Ant societies are shaped by selection that operates, in part, at the level of the colony [1], so the success of the individual is intimately bound to that of its colony. Outside-nest work is dangerous and the rate of attrition of outside-nest workers through predation or adverse environmental conditions is often high.

The life-cycles of ant societies are dominated by growth or decline [2]. Thus they are rarely at a steady state and are typically non-stationary. Here we induce non-stationarity by permanently eliminating all ants that exit the nest and compare these colonies with controls in which ants can freely leave and re-enter the nest. We use analytical methods developed for the analysis of out-of-equilibrium physical systems to explore the nature of the mechanism governing the decisions of individual ants to leave the nest. Indeed, biological systems are, like other systems in Nature, generically non-equilibrium systems since they are not isolated from external influences and continuously have a flux of mass or energy passing through them [3].

The null model for a system in which successive events are drawn from a diminishing pool is one with an exponentially declining event rate, as in radioactive decay. In this scenario there are either no interactions between the components or interactions between the components are not correlated with decay events. The simplest form of radioactive decay is one in which all the components have an identical decay probability, which can be modelled as a homogeneous Poisson process. Obviously ants are not all identical, so for our null model we implement a heterogeneous Poisson process by assuming that the component parts (the ants) vary in their decay (i.e. exit) probabilities.

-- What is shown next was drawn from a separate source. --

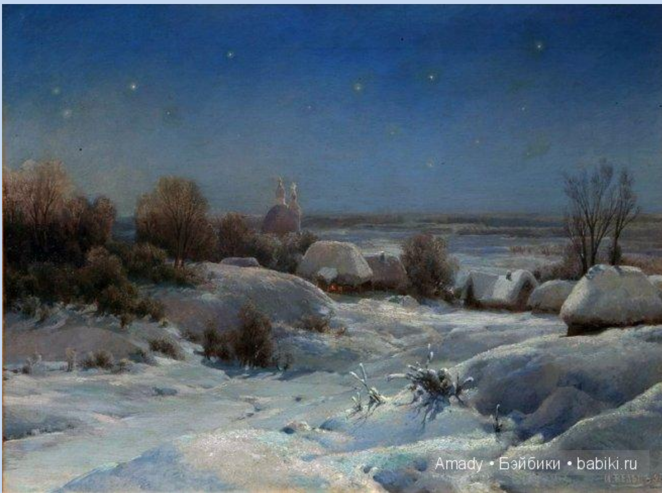
Иллюстрация «Украинская ночь» И. Вельца
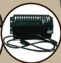
Blower / Ventilateur

An alternative scenario that produces rapidly decreasing event rates is one in which events are triggered when a fluctuating variable - the record signal - exceeds its historical ‘high water mark’. If the record signal fluctuates randomly, the increment between successive record values becomes progressively smaller and the rate at which new records accrue drops off according to the inverse of time [4], [5]. Hence the rate of change is a function of the age of the system. An intuitive example of a rapidly decelerating record time-series (albeit one that is probably not based on record signals as defined in complex systems) is the accumulation of human sporting records, where the rate at which new records accumulate depends largely on the age of the sport [6], [7]. All cases in which fluctuating record signals trigger events, include strong interactions between the component parts and involve long-range correlations that span the entire system [8], [9], [10], [11].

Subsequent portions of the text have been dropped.